*** Opening of LISTED ENTRIES ***

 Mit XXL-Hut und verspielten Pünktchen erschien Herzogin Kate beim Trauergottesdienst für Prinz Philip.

*** Close of LISTED ENTRIES ***
*** Opening of LISTED ENTRIES ***

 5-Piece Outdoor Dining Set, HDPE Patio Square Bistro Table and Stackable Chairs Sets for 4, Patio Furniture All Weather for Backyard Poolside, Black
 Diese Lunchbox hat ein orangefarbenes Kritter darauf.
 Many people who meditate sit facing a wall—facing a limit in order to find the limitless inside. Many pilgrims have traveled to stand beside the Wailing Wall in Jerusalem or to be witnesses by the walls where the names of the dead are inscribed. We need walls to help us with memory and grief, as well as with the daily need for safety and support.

*** Close of LISTED ENTRIES ***
*** Opening of LISTED ENTRIES ***

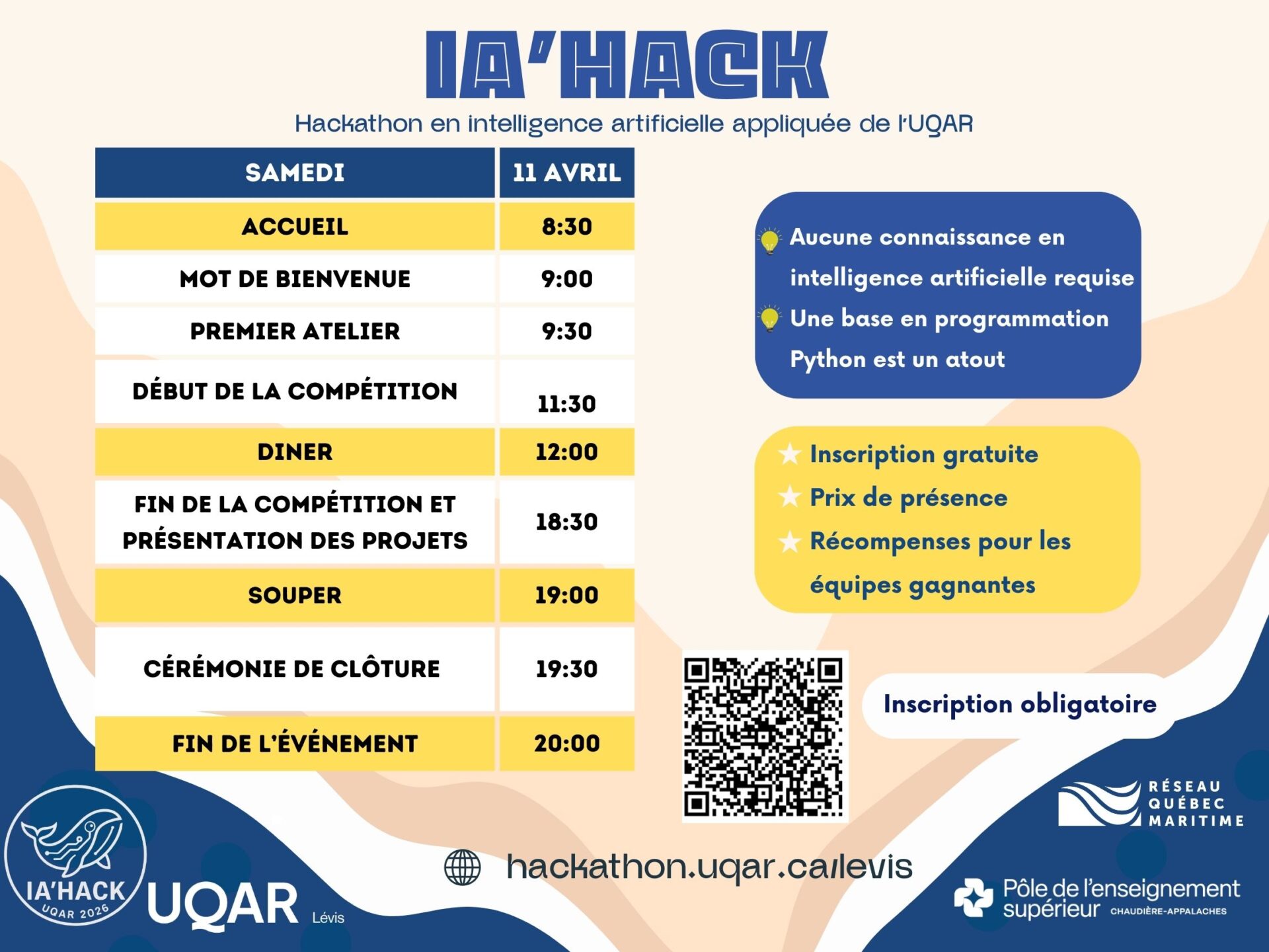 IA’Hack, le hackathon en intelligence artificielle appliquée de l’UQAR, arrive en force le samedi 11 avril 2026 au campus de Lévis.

*** Close of LISTED ENTRIES ***

- _TASK REQUIREMENTS_
The stretch of entries above that starts with the line containing "5-Piece Outdoor Dining" and goes on through the line containing "Many people who" is to be transcribed exactly, and no other line is to be transcribed.

- _WORKED SOLUTION_
 5-Piece Outdoor Dining Set, HDPE Patio Square Bistro Table and Stackable Chairs Sets for 4, Patio Furniture All Weather for Backyard Poolside, Black
 Diese Lunchbox hat ein orangefarbenes Kritter darauf.
 Many people who meditate sit facing a wall—facing a limit in order to find the limitless inside. Many pilgrims have traveled to stand beside the Wailing Wall in Jerusalem or to be witnesses by the walls where the names of the dead are inscribed. We need walls to help us with memory and grief, as well as with the daily need for safety and support.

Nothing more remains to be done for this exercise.